ABOUT THIS EXERCISE: The copy should begin at the line containing "liekick 쿼드 스케이트" and end with the last line below, every line exact and no picture included.

(Source records)

------------------------------------------------------------------------

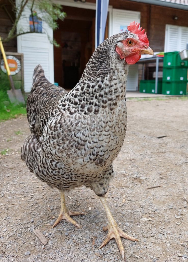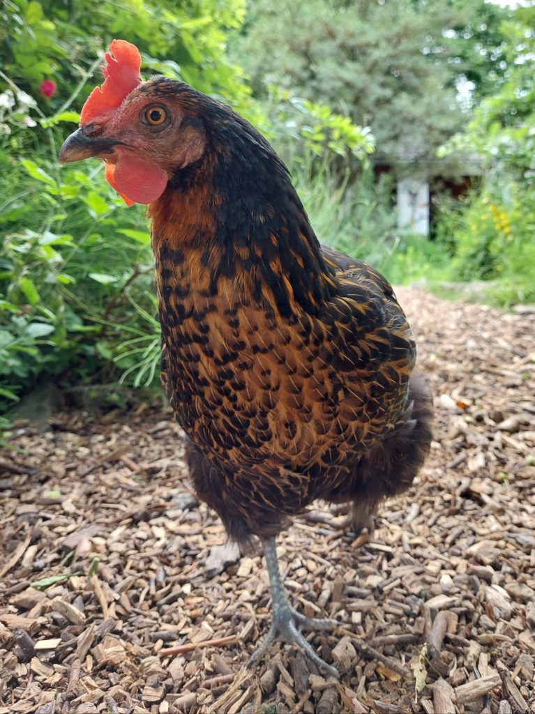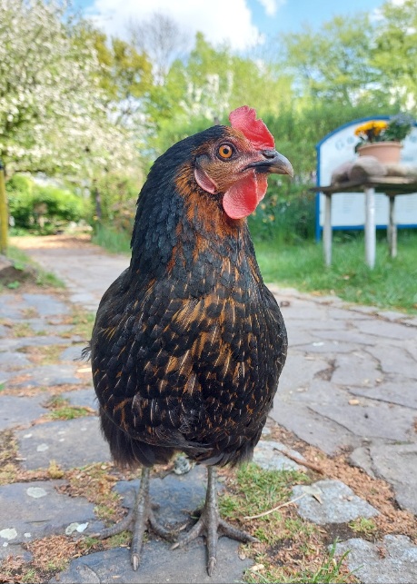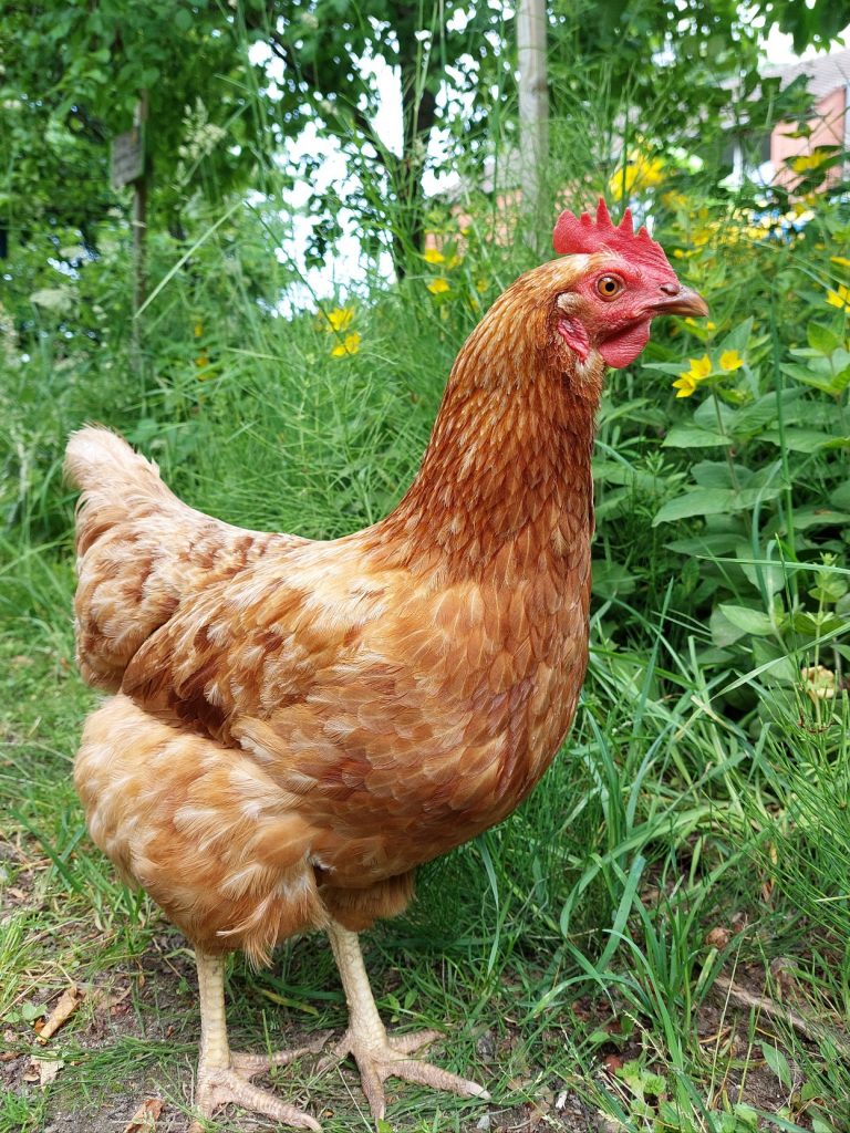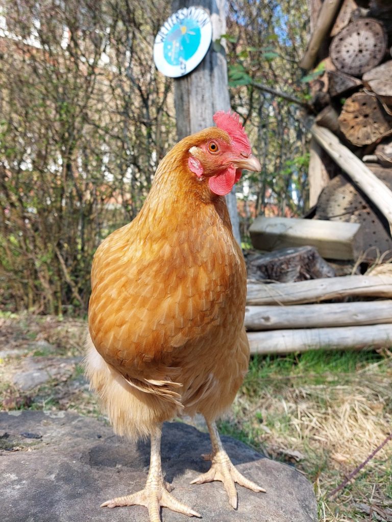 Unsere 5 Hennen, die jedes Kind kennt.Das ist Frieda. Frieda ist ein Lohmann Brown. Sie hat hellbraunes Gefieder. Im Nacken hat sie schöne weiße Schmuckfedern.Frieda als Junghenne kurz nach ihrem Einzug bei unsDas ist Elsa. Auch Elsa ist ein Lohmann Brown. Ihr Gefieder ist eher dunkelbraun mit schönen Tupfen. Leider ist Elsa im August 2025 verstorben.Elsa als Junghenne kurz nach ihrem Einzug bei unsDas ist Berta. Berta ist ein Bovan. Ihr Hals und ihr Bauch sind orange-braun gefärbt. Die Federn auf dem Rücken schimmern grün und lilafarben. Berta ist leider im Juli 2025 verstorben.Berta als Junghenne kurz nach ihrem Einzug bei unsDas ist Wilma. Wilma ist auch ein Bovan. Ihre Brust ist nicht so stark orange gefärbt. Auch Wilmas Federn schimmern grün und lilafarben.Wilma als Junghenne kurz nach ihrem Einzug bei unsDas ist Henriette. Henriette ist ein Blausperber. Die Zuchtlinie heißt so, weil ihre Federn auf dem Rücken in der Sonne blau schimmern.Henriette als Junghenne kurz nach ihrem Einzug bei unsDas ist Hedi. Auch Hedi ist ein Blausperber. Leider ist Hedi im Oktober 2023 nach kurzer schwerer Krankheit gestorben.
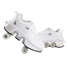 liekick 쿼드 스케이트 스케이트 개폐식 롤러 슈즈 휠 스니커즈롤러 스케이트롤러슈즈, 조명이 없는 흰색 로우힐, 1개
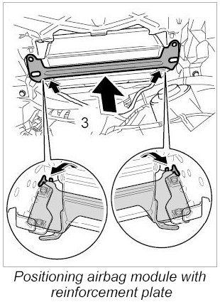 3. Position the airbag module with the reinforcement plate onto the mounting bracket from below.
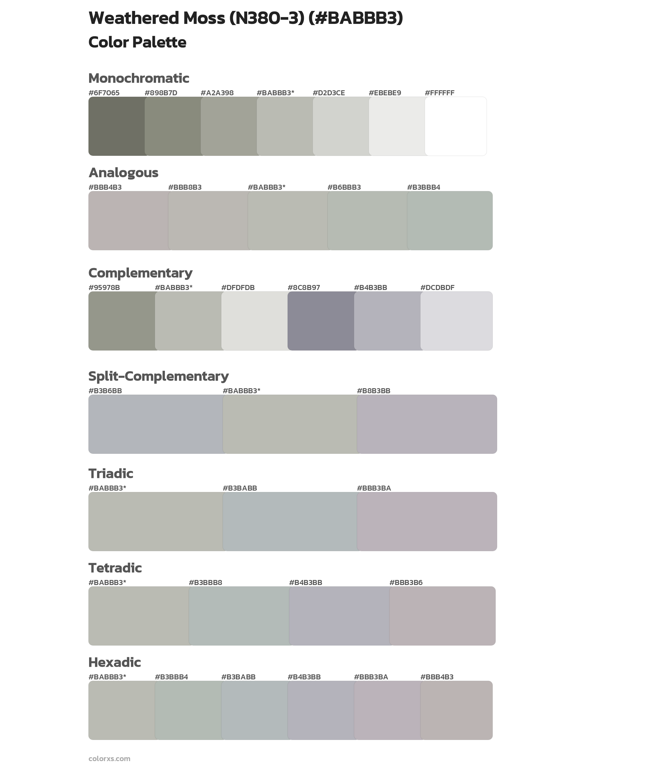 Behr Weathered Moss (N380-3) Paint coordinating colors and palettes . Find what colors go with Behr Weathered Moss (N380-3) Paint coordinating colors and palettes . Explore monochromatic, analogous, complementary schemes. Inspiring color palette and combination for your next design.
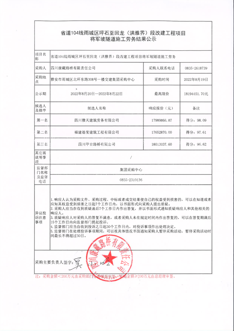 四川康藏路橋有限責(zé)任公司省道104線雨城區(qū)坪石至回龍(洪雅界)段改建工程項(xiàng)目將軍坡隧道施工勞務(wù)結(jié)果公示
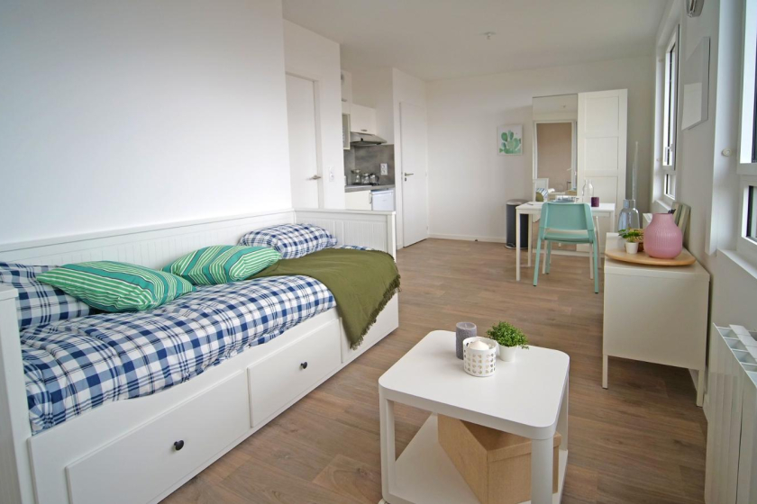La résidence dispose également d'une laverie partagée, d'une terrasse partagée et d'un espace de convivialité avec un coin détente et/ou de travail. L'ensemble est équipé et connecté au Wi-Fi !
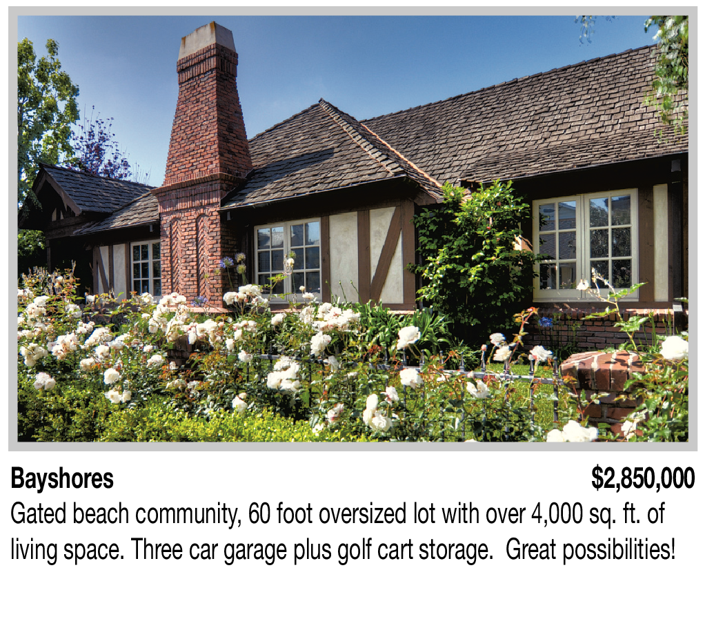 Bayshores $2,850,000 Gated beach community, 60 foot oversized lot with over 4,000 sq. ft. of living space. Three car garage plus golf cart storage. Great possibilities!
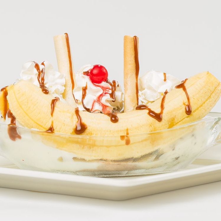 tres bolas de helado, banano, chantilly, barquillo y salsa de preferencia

------------------------------------------------------------------------

EXERCISE RESULT:
 liekick 쿼드 스케이트 스케이트 개폐식 롤러 슈즈 휠 스니커즈롤러 스케이트롤러슈즈, 조명이 없는 흰색 로우힐, 1개
 3. Position the airbag module with the reinforcement plate onto the mounting bracket from below.
 Behr Weathered Moss (N380-3) Paint coordinating colors and palettes . Find what colors go with Behr Weathered Moss (N380-3) Paint coordinating colors and palettes . Explore monochromatic, analogous, complementary schemes. Inspiring color palette and combination for your next design.
 四川康藏路橋有限責(zé)任公司省道104線雨城區(qū)坪石至回龍(洪雅界)段改建工程項(xiàng)目將軍坡隧道施工勞務(wù)結(jié)果公示
La résidence dispose également d'une laverie partagée, d'une terrasse partagée et d'un espace de convivialité avec un coin détente et/ou de travail. L'ensemble est équipé et connecté au Wi-Fi !
 Bayshores $2,850,000 Gated beach community, 60 foot oversized lot with over 4,000 sq. ft. of living space. Three car garage plus golf cart storage. Great possibilities!
 tres bolas de helado, banano, chantilly, barquillo y salsa de preferencia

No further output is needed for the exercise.